Segundo o chefe da Divisão de Fiscalização da Semam-JP, Alisson Cavalcanti, as infrações mais recorrentes em 2012 foram a prática da poluição sonora, o despejo de resíduos sólidos em locais inadequados e a contaminação de rios, feita principalmente através do lançamento de esgoto. As multas ainda foram aplicadas em empresas que invadiram áreas protegidas por leis ambientais e que emitiram substâncias tóxicas na atmosfera.

“No ano passado, fizemos muitos flagrantes de corte irregular de árvores, que estavam em áreas de proteção permanente. Também constatamos que algumas empresas depositaram os resíduos de construção civil em local inadequado e outras ainda que estavam com chaminés quebradas e que lançavam fumaças na atmosfera, de forma que incomodavam a vizinhança”, acrescentou Alisson Cavalcanti.

De acordo com um relatório divulgado ontem pela Secretaria de Meio Ambiente de João Pessoa, a falta de licença ambiental apareceu entre as principais causas de multas aplicadas em empresas, no ano passado. Das 760 notificações registradas, 300 foram por esse motivo. Segundo o chefe da Divisão de Fiscalização da Secretaria de Meio Ambiente de João Pessoa, a maior parte das autuadas pertence ao ramo da construção civil.

“Esse segmento possui um alto potencial poluidor, porque produz muitos resíduos que causam danos ao meio ambiente, como entulhos, tintas, ferros e solventes. Por isso, eles precisam retirar uma licença e receber orientações dos técnicos ambientais”, disse.

Em outras cidades
Além de João Pessoa, Campina Grande, Alhandra, Taperoá, Jacaraú, Alagoa Grande, Bayeux e Cabedelo foram cidades que também apresentaram quantidade elevada de multas aplicadas por crimes ambientais, segundo estatísticas divulgadas pela Sudema.

O número de autos de infração emitidos no ano passado foi maior em relação aos 270 registros dessa natureza feitos em 2011. Em 2013, só nos primeiros 18 dias de janeiro, o órgão já aplicou 55 multas por prática de crimes ambientais no Estado.

Rigor nas fiscalizações
O que diz a Apan
Para a Associação de Amigos da Natureza (Apan), uma Organização Não Governamental que atua em defesa do meio ambiente, o crescimento das multas é reflexo direto do maior rigor nas fiscalizações.
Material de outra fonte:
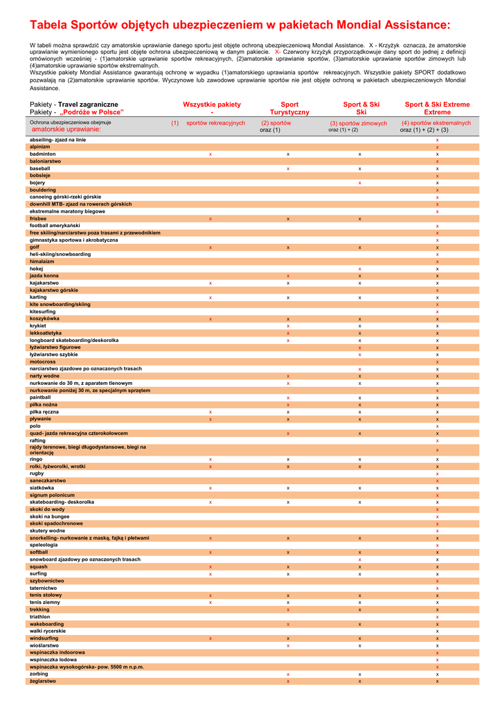 Tabela Sportów objętych ubezpieczeniem w pakietach Mondial Assistance: W tabeli można sprawdzić czy amatorskie uprawianie danego sportu jest objęte ochroną ubezpieczeniową Mondial Assistance. X - Krzyżyk oznacza, że amatorskie uprawianie wymienionego sportu jest objęte ochrona ubezpieczeniową w danym pakiecie. X- Czerwony krzyżyk przyporządkowuje dany sport do jednej z definicji omówionych wcześniej - (1)amatorskie uprawianie sportów rekreacyjnych, (2)amatorskie uprawianie sportów, (3)amatorskie uprawianie sportów zimowych lub (4)amatorskie uprawianie sportów ekstremalnych. Wszystkie pakiety Mondial Assistance gwarantują ochronę w wypadku (1)amatorskiego uprawiania sportów rekreacyjnych. Wszystkie pakiety SPORT dodatkowo pozwalają na (2)amatorskie uprawianie sportów. Wyczynowe lub zawodowe uprawianie sportów nie jest objęte ochroną w pakietach ubezpieczeniowych Mondial Assistance. Pakiety - Travel zagraniczne Pakiety - „Podróże w Polsce” Ochrona ubezpieczeniowa obejmuje Wszystkie pakiety (1) sportów rekreacyjnych amatorskie uprawianie: abseiling- zjazd na linie alpinizm badminton baloniarstwo baseball bobsleje bojery bouldering canoeing górski-rzeki górskie downhill MTB- zjazd na rowerach górskich ekstremalne maratony biegowe frisbee football amerykański free skiiing/narciarstwo poza trasami z przewodnikiem gimnastyka sportowa i akrobatyczna golf heli-skiing/snowboarding himalaizm hokej jazda konna kajakarstwo kajakarstwo górskie karting kite snowboarding/skiing kitesurfing koszykówka krykiet lekkoatletyka longboard skateboarding/deskorolka łyżwiarstwo figurowe łyżwiarstwo szybkie motocross narciarstwo zjazdowe po oznaczonych trasach narty wodne nurkowanie do 30 m, z aparatem tlenowym nurkowanie poniżej 30 m, ze specjalnym sprzętem paintball piłka nożna piłka ręczna pływanie polo quad- jazda rekreacyjna czterokołowcem rafting rajdy terenowe, biegi długodystansowe, biegi na orientację ringo rolki, łyżworolki, wrotki rugby saneczkarstwo siatkówka signum polonicum skateboarding- deskorolka skoki do wody skoki na bungee skoki spadochronowe skutery wodne snorkelling- nurkowanie z maską, fajką i płetwami speleologia softball snowboard zjazdowy po oznaczonych trasach squash surfing szybownictwo taternictwo tenis stołowy tenis ziemny trekking triathlon wakeboarding walki rycerskie windsurfing wioślarstwo wspinaczka indoorowa wspinaczka lodowa wspinaczka wysokogórska- pow. 5500 m n.p.m. zorbing żeglarstwo x Sport Turystyczny (2) sportów oraz (1) Sport & Ski Ski (3) sportów zimowych oraz (1) + (2) x x x x x x x (4) sportów ekstremalnych oraz (1) + (2) + (3) x x x x x x x x x x x x x x x x x x x x x x x x x x x x x x x x x x x x x x x x x x x x x x x x x x x x x x x x x x x x x x x x x x x x x x x x x x x x x x x x x x x x x x x x x x x x x x x Sport & Ski Extreme Extreme x x x x x x x x x x x x x x x x x x x x x x x x x x x x x x x x x x x x x x x x x x x x x x x x x x x x x x x x x x x x x x x x x
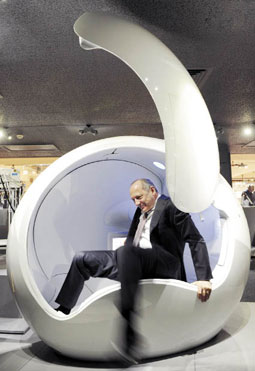 رئيس مجموعة ماكلارين رون دينيس يخرج من كبسولة في المتحف العلمي بلندن ساهمت في اختراعها مجموعة ماكلارين وأطلق عليها (كبسولة الصحة)، وهي أداة تشخيص متطورة تستخدم في إرسال بيانات الرعاية الصحية إلى الأطباء في مختلف أنحاء العالم.
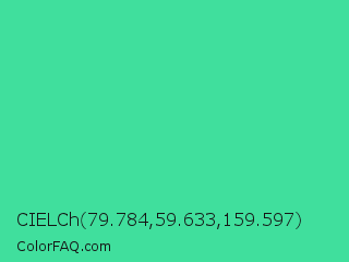 CIELCh 79.784,59.633,159.597 Color is a normal green color and the nearest color is Eucalyptus #44d7a8. Hex code #40df9d and RGB value is rgb(64,223,157). In RGB color space, this color is composed of 25% red, 87% green, 62% blue, In CMYK color space, this color is composed of 71% cyan, 0% magenta, 30% yellow , 13% black , In HSL color space, this color has a hue angle of 155° , 71% saturation and 56% lightness.

O presidente da entidade, Antônio Augusto Almeida, explica que a multa é a última alternativa que dever utilizada pelo fiscal ambiental. “Por lei, o fiscal deve primeiramente notificar e não autuar de imediato. Se persistir é que ocorrem a autuação e multa. É preciso saber se isso está sendo cumprindo, porque não se pode multar de forma aleatória. É preciso fazer um trabalho de educação junto ao infrator, antes de aplicar a punição ”, observa.

“Mas se essas normas legais foram cumpridas pelos fiscais e mesmo assim houve a multa, acho positivo esse crescimento nas autuações. Isso mostra que os órgãos ambientais estão mais atuantes. A fiscalização é fundamental para a gestão dos recursos ambientais. Mas não se pode esquecer de fazer um trabalho de educação e conscientização”, ressalta.

Prazo de defesa
Após receber um auto de infração, as empresas têm prazo legal para apresentar defesa. Se os argumentos não forem convincentes, a autuação se converte em multa. O valor varia de acordo com o dano praticado. Na maioria dos casos, o problema se resolve de forma administrativa, no próprio órgão ambiental que fez o flagrante. O infrator poderá fazer um acordo e corrigir o dano causado. Mas, se não houver consenso, a situação poderá dar origem a um processo judicial. O caso é comunicado ao Ministério Público, que oferece denúncia à justiça.